After I wrote my reply I reflected that in this case MS is actively, directly
depriving you of access to the _your_ content, a required component of theft,
but IMO if a refund is issued before access is revoked then the requirmemts
for theft still seem unmet. I also feel customers should be free to circumvent
DRM technologies... which would allow the market to help mitigate this type of
decieptful, manipulative licensing of content.

Seems pretty shitty to not refund the device purchases though.

------
intopieces
The comparison to physical books is not apt. Physical books cannot be easily
and for almost no cost reproduced and distributed the way ebooks can.

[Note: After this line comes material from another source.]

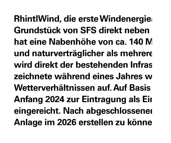 Der Marketingabteilung von SFS Group AG sei es gedankt - aber dieser Eintrag ist eine komplette Falschdarstellung der Fakten. Die geplante Anlage wurde während der Planungszeit immer höher, um überhaupt an etwas Wind zu kommen. Dabei wird, lösgelöst von allen Fakten, einfach übersehen, dass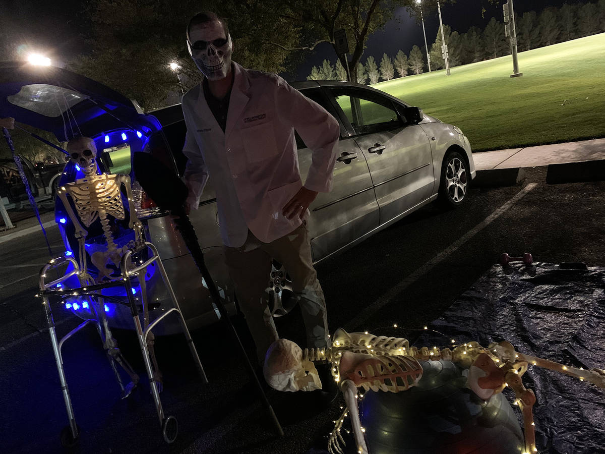 Matthew Wittwer of Meaningful Gains Therapy brought along a skeleton crew to help pass out candy Saturday, Oct. 24, at Trunk or Treat in Veterans’ Memorial Park. The drive-thru Halloween celebration was sponsored by the Boulder City Chamber of Commerce.

In the end, did Nook Media have the only license to distribute some of these
books? If not, the customers actually come out _ahead_ here: they got to read
the books for free, as many times as they wanted, as their leisure, since
purchasing it.

They are now free to use that money to repurchase the same title at a
competitor, if they like. Or a different title.

Having said that, a better way to make this right for customers would be to
offer them either a refund OR a DRM-Free copy.

------
yellowapple
I just wanna give a quick word of appreciation to the precision and tact of
that rather-well-deserved F-bomb. Discriminate, precise, no collateral damage.
Just a perfect emphasis upon the absurdity that is DRM.

------
CM30
And this is why streaming services, digital 'media', etc are a terrible deal
for the customer. If the service goes down, you can basically lose everything,
and even a refund is unlikely in other cases.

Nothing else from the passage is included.